Dragojević's first performance was at the Split Children's Festival in 1961 with the song "Baloni" (Balloons). In a competition of amateur singers, his cult band from Split, Batali, won the first place for their rendition of "Yesterday", a Beatles classic. In 1972, Dragojević went abroad to further develop his craft. He played in clubs across Germany, Sweden and Mexico. His solo singing career began in 1974 at the Split Festival, where he won with the song "Ča će mi Copacabana" (What Do I Need Copacabana For).

A year later, composer Zdenko Runjić and Dragojević, released the song "Galeb i ja" (Seagull and I); it proved to be a big hit across the former Yugoslavia and made Dragojević a household name. That was followed by hits "Romanca" (Romance), "Oprosti mi, pape" (Forgive Me, Father), "Stari morski vuk" (An Old Sea Wolf). Runjić would further collaborate with Dragojević on further 200 songs, until Runjić's death. Between 1975 and 1980, the Dragojević/Runjić duo dominated the music scene of the former Yugoslavia. Part of the secret of their success was a third contributor, Jakša Fiamengo, who wrote the lyrics to some of Dragojević's most iconic songs, namely: "Nadalina", "Piva klapa ispo' volta" (The Klapa Sings Under the Vault), "Karoca" (Carriage), "Ništa nova" (Nothing New), "Infiša san u te" (I Am Crazy About You), and "Ostavljam te samu" (I Leave You Alone). In 1990 Dragojević won the Split Festival with "Ti si moj san" (You Are My Dream), and the Jugovizija Jamboree with the song "Sreća je tamo gdje si ti" (Happiness is Where You Are), both collaboration with Zorica Kondža.

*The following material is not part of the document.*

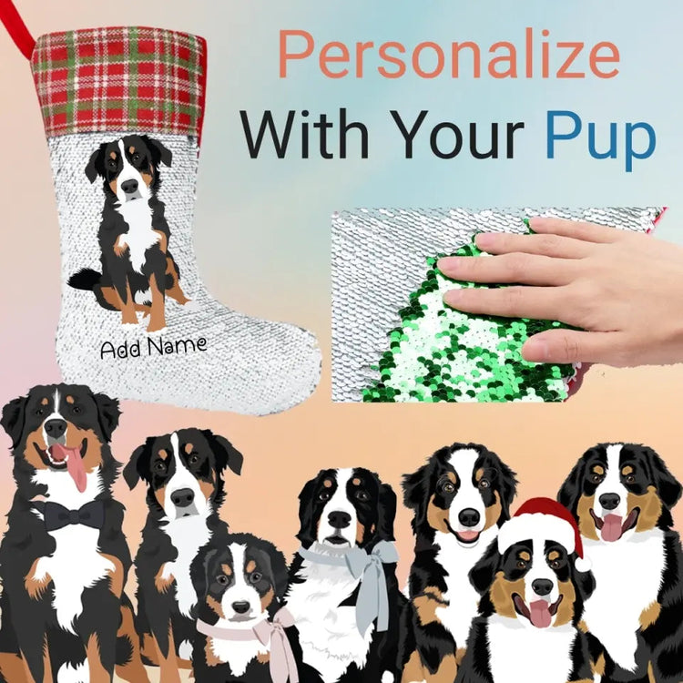 Personalized Bernese Mountain Dog Shiny Sequin Christmas Stocking
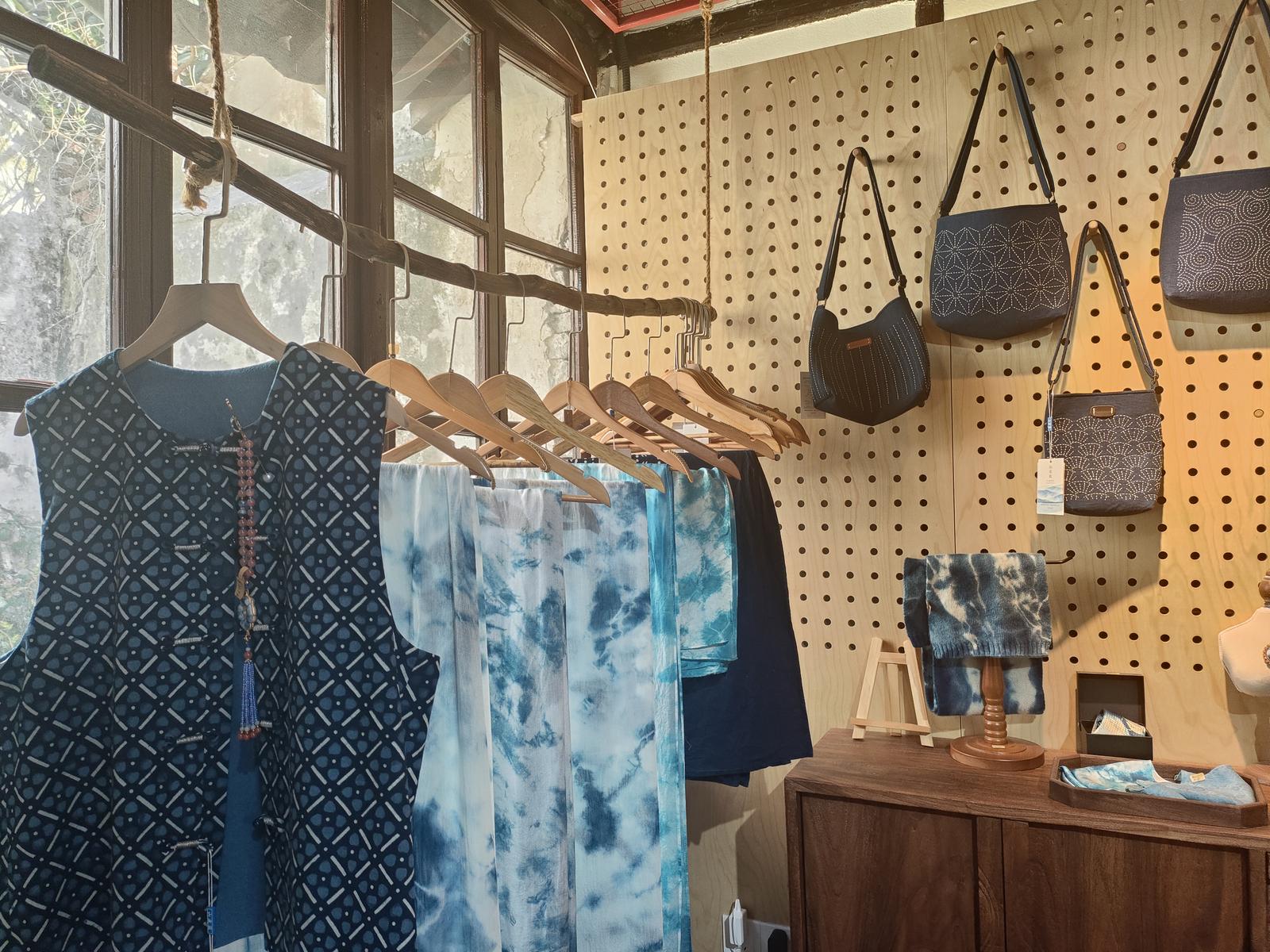 两只憨态可掬的蓝染布艺小熊端坐在店外的木椅上,年轻人三五成群,围着它们拍照打卡。推门而入,像是掉进了一片靛蓝色的梦境,布艺挂饰、手作首饰、衣裙包袋……每一件蓝染作品都在光影里静静呼吸。

Most of Dragojević's songs are considered evergreen on the Balkans. Dubbed "the Cosmic Dalmatian" Dragojević was widely lauded and remembered for his emotionally intense ballads and equally candide performances. These include "Vjerujem u anđele" (I Believe in Angels), "Kad mi dođeš ti" (When You Come to Me), "La Musica di Notte" (covered also by the Dubrovački Trubaduri), "Bez tebe" (Without You), "Pred tvojim vratima" (transl. "In Front of Your Door", released 24 November 2002 on Trag u beskraju), "Cesarica" (from the album Melodije Hrvatskog Jadrana '93, released 15 July 1993), "Pismo moja" (My Song) and "Vjeruj u ljubav" (Believe in Love) (from the same-named album, released 1 January 1979 and as a rendition on 15 June 2009).

Dragojević participated five times in national selection for the Eurovision Song Contest. He made his debut in the Jugovizija 1988 with hopes to represent Yugoslavia performing "Dženi", which finished second. He returned to the contest again in 1990 with Zorica Kondža performing "Sreća je tamo gdje si ti" (Happiness is Where You Are) and finishing third. After the breakup of Yugoslavia, Dragojević participated in the Dora 1994 with hopes to represent Croatia, with "Arja". The song ended up in fourth place. He participated in the Dora 1995 again with "Boginja" (Goddess), finishing second, and in the Dora 1997 with "Lucija", finishing eight.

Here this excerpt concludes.